## [Data provided]
################
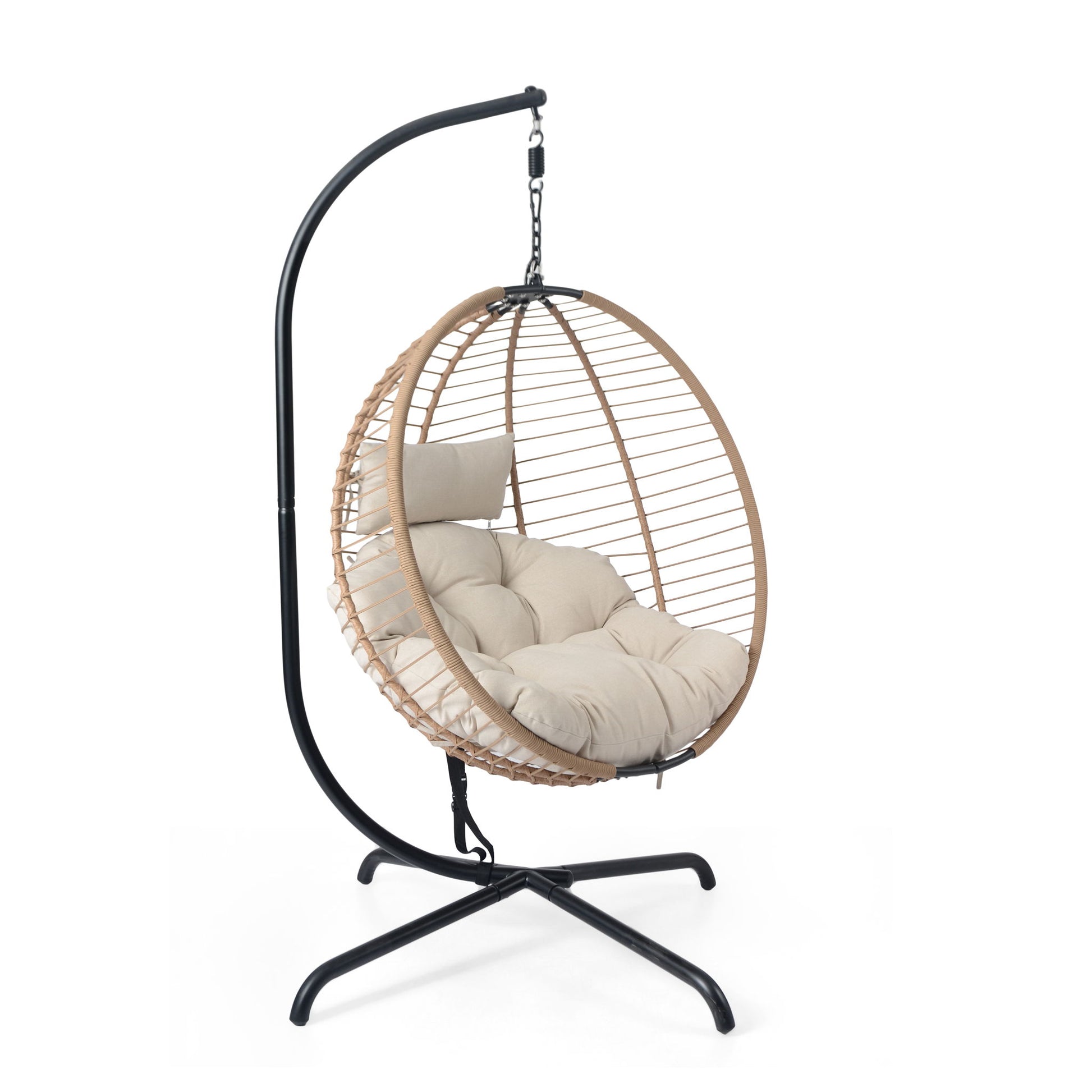 Sora - Outdoor Patio Wicker Hanging Chair With Stand - Beige / Brown
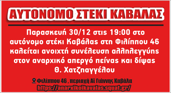 Παρασκευή 30/12 στις 19:00 στο αυτόνομο στέκι Καβάλας στη Φιλίππου 46 καλείται ανοιχτή συνέλευση αλληλεγγύης στον αναρχικό απεργό πείνας και δίψας Θ. Χατζηαγγέλου
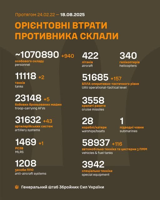 Згідно з повідомленням, загальні бойові втрати противника з 24 лютого 2022 року по 18 серпня 2025 року орієнтовно склали:
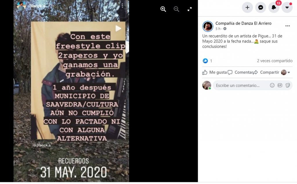 Entre algunas publicaciones que se hicieron en las redes sociales, los trabajadores de la cultura dicen ser “ignorados” “subestimados” y expresan que “algunos hacen la plancha” mientras los artistas quieren trabajar.
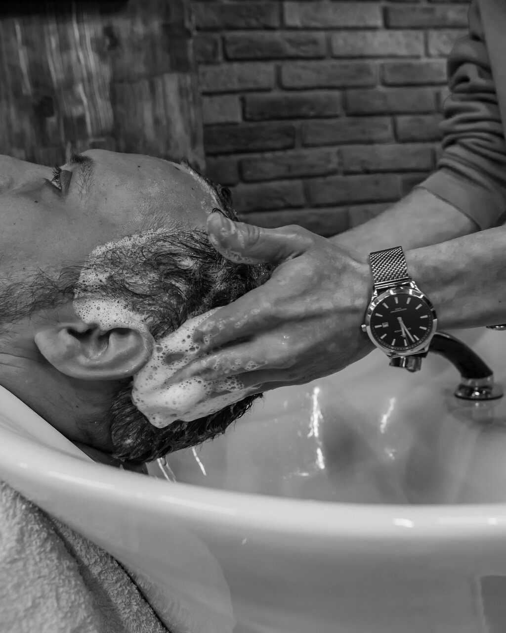 1. Побреем налысо. Сделаем это аккуратно.2. Пострижем бороду, подберем форму и длину бороды, чтобы в уходе и носке не было дискомфорта и образ был цельным.
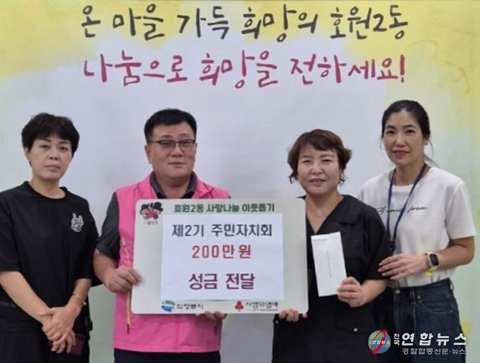 전국연합뉴스 박점규 기자 | 의정부시 호원2동주민센터는 8월 25일 호원2동 주민자치회가 제2기 임기를 마무리하며 어려운 이웃을 돕기 위한 성금 200만 원을 기탁했다고 밝혔다.
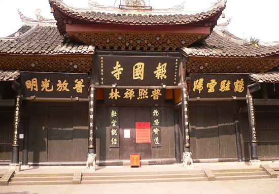 报国寺坐落于峨嵋山麓,是山下的第一座寺庙,峨嵋的进山门户。该寺建于明万历年间,为全山八大名寺之一,寺内正殿原供奉着佛、道、儒三教的代表,曾名“会宗堂”,有“三教会宗”的意思,清康熙帝取佛门“报国主恩”意,改为报国寺。山门悬有康熙书“报国寺”匾额;正殿悬有“宝相庄严”匾。殿宇雄伟,有弥勒殿、大雄殿、七佛殿和藏经楼四重屋宇,依山而建,逐级升高。
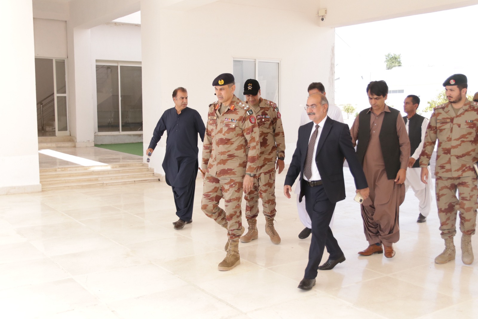 Brigadier Omer Tahir visited various sections of the campus, including the Senate Hall, newly completed, and the under-construction components of Phase-II of the university project, including faculty offices and academic blocks. Project Coordinator Dr. Kamal Baloch briefed the Commandant on the project’s quality standards, financial aspects, and the pace of ongoing civil work.
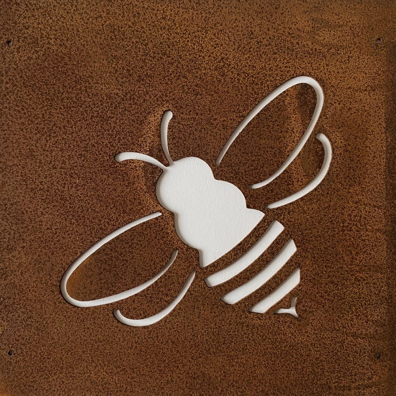 Dekorativ trädgårdsskylt i rostig plåt med motivet av en humla. Dessa passar perfekt att fästa i ett armeringsnät. Rostig ståltråd för upphängning ingår.
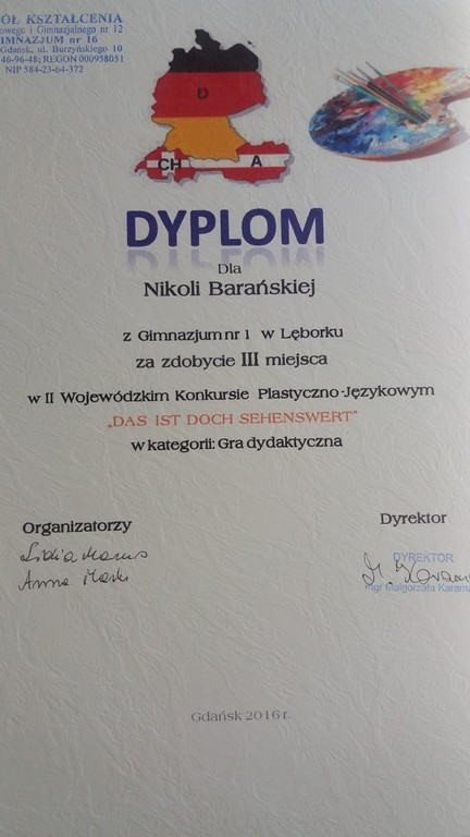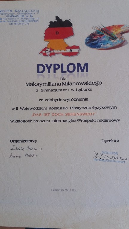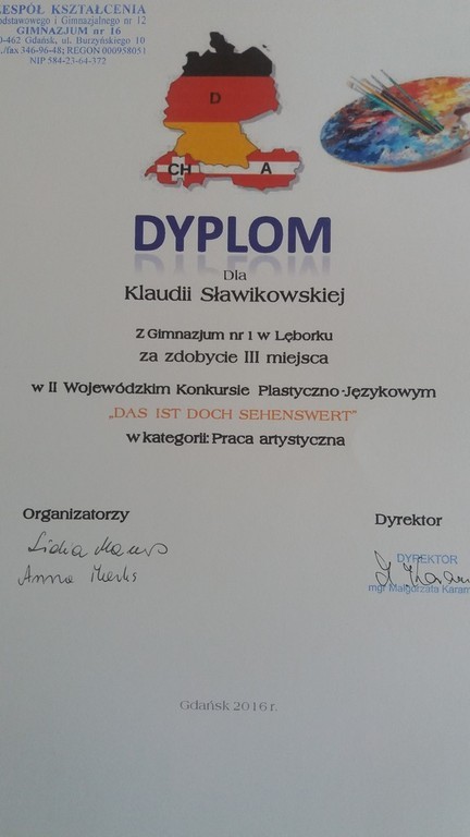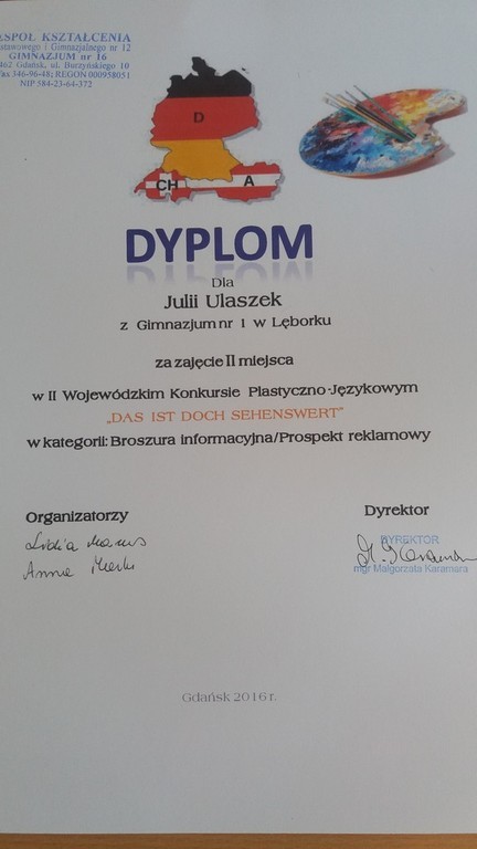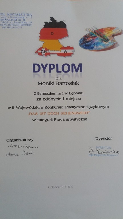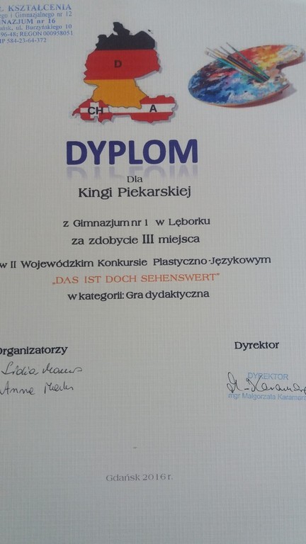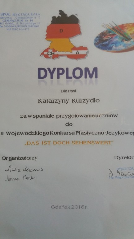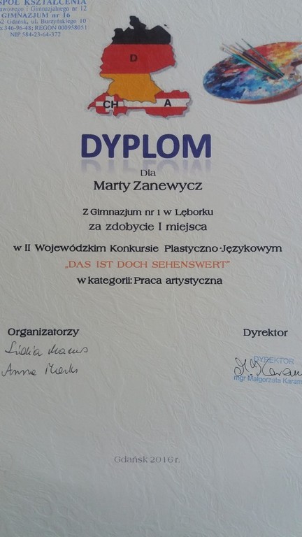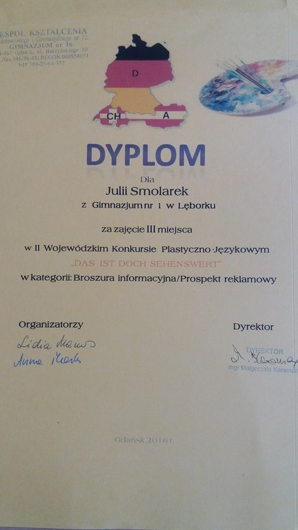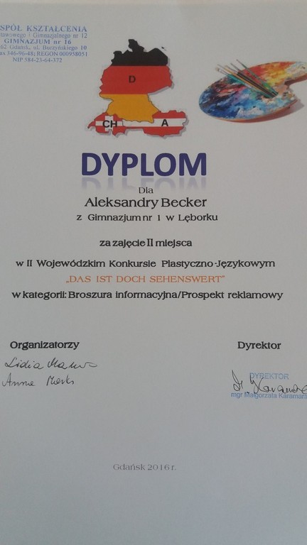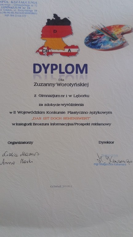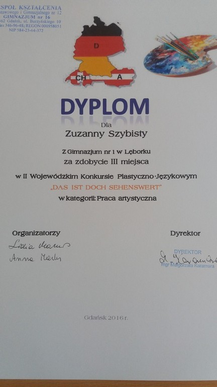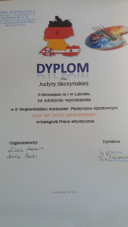 Sukcesy naszych uczniów w II Wojewódzkim Konkurs Plastyczno-Językowym , pt. „DAS IST DOCH SEHENSWERT- TO WARTO ZOBACZYĆ”.
################
## [Action item]
Omit the pictures and return exactly the lines from the line containing "Dekorativ trädgårdsskylt i" through the final line of the material above, both ends included.

## [Result for this task]
 Dekorativ trädgårdsskylt i rostig plåt med motivet av en humla. Dessa passar perfekt att fästa i ett armeringsnät. Rostig ståltråd för upphängning ingår.
 Sukcesy naszych uczniów w II Wojewódzkim Konkurs Plastyczno-Językowym , pt. „DAS IST DOCH SEHENSWERT- TO WARTO ZOBACZYĆ”.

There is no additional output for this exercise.